Голос Билла, доносящийся издалека, с другого континента. Потом его рука, не мнущая платье в промежности, а на плече.

— Ты в порядке, крошка?

Она открыла глаза яркому солнечному свету, уши — мерному гулу двигателей «Лирджета». И чему-то еще — давлению на барабанные перепонки. Перевела взгляд с встревоженного лица Билла на дисплей высотомера, расположенного на стенке салона под термометром: двадцать восемь тысяч футов.

— Снижаемся? — удивленно спросила она. — Уже?

— Быстро, не правда ли? — в голосе удовлетворенность, словно Билл сам вел самолет, а не платил за него. — Пилот говорит, что мы приземлимся в Форт-Майерсе через двадцать минут. Мы просто перепрыгнули через всю Америку, детка.

— Мне приснился кошмар.

Он рассмеялся. Этот смех, самодовольный, говорящий, ну нельзя же быть такой идиоткой, она терпеть не могла.

— Во время второго медового месяца кошмары не разрешаются. Что снилось?

— Не помню, — ответила она, и не солгала. В памяти остались только фрагменты: Билл с уходящими в щеки, растворяющимися в них очками, одна из трех или четырех запретных частушек, которые они иногда распевали в пятом или шестом классе. «Деве я молюсь и…» а как же дальше, как? Не вспоминалось. Другая частушка, о большой папиной штучке, всплыла в памяти, а вот про Марию — нет.

«Мария помогает больным Флориды», — подумала она, понятия не имея, откуда взялась эта мысль и что она означает, и тут же раздался мелодичный звуковой сигнал и зажегся транспарант с надписью «ЗАСТЕГНИТЕ РЕМНИ». Самолет шел на посадку. «Пора начинать дикий загул», — подумала она и застегнула ремень.

— Действительно не помнишь? — Билл застегнул свой. Маленький самолет вошел в облачный слой, где хватало воздушных ям, один из пилотов в кабине отреагировал на изменение полетных условий, болтанка прекратилась. — Обычно, сразу после того, как проснулся, в памяти что-то остается. Даже кошмары.

— Я помню сестру Аннунсиату, из школы «Нашей госпожи ангелов. Время самоподготовки».

— Да, это действительно кошмар.

Десять минут спустя пилот выпустил шасси. Еще через пять минут они приземлились.

— Они должны подогнать автомобиль прямо к самолету, — Билл уже начал вести себя, как большая шишка. Она этого не любила, но терпела, в отличие от самодовольного смеха и покровительственных взглядов. — Надеюсь, проволочек не будет.
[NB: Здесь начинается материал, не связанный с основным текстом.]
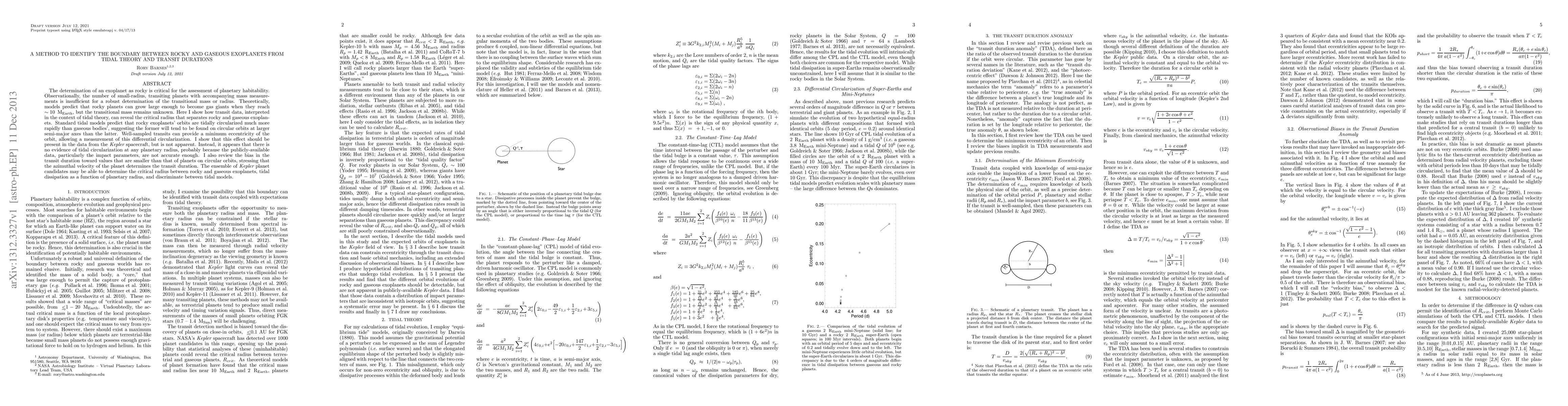 The determination of an exoplanet as rocky is critical for the assessment of planetary habitability. Observationally, the number of small-radius, transiting planets with accompanying mass measurements is insufficient for a robust determination of the transitional mass or radius. Theoretically, models predict that rocky planets can grow large enough to become gas giants when they reach ~10 Earth-masses, but the transitional mass remains unknown. Here I show how transit data, interpreted in the context of tidal theory, can reveal the critical radius that separates rocky and gaseous exoplanets. Standard tidal models predict that rocky exoplanets' orbits are tidally circularized much more rapidly than gaseous bodies', suggesting the former will tend to be found on circular orbits at larger semi-major axes than the latter. Well-sampled transits can provide a minimum eccentricity of the orbit, allowing a measurement of this differential circularization. I show that this effect should be present in the data from the Kepler spacecraft, but is not apparent. Instead, it appears that there is no evidence of tidal circularization at any planetary radius, probably because the publicly-available data, particularly the impact parameters, are not accurate enough. I also review the bias in the transit duration toward values that are smaller than that of planets on circular orbits, stressing that the azimuthal velocity of the planet determines the transit duration. The ensemble of Kepler planet candidates may be able to determine the critical radius between rocky and gaseous exoplanets, tidal dissipation as a function of planetary radius, and discriminate between tidal models.

«Не будет, — подумала она и то самое чувство многократно усилилось. — Через секунду-другую я увижу его в окно с моей стороны. Самый подходящий автомобиль для отдыха во Флориде. Огромный белый „Кадиллак“ или даже „Линкольн“».
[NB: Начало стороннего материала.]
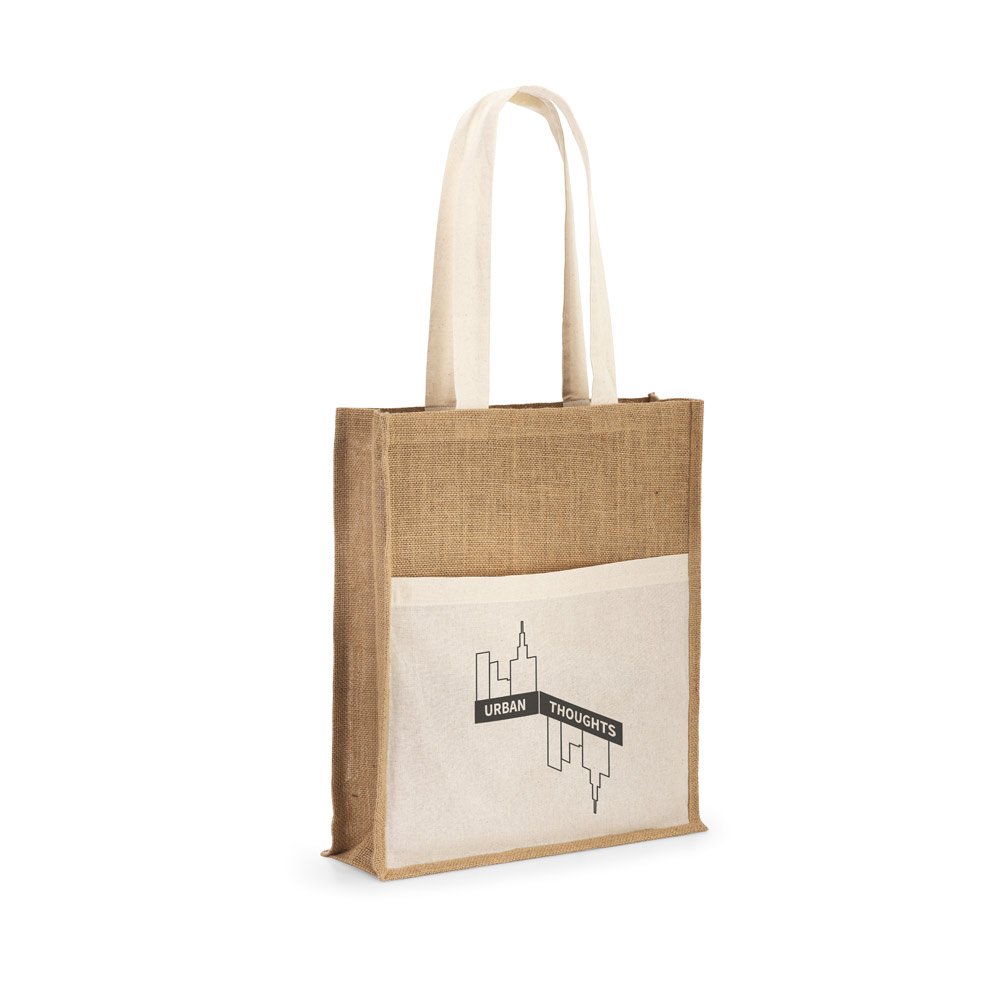 Sacola em juta (240 g/m²) com alças de 65 cm e um bolso frontal 100% algodão (140 gm²). 370 x 410 x 100 mm | Bolso: 370 x 270 mm

И, да, увидела, доказав что? Ну, наверное, доказав, что иногда у человека случается deja vu: по его ощущениям то, что должно случиться, уже было. К самолету подогнали не «Кадиллак» и не «Линкольн», а «Краун Викторию», автомобиль, который в гангстерских фильмах непременно называли «Краун Вик».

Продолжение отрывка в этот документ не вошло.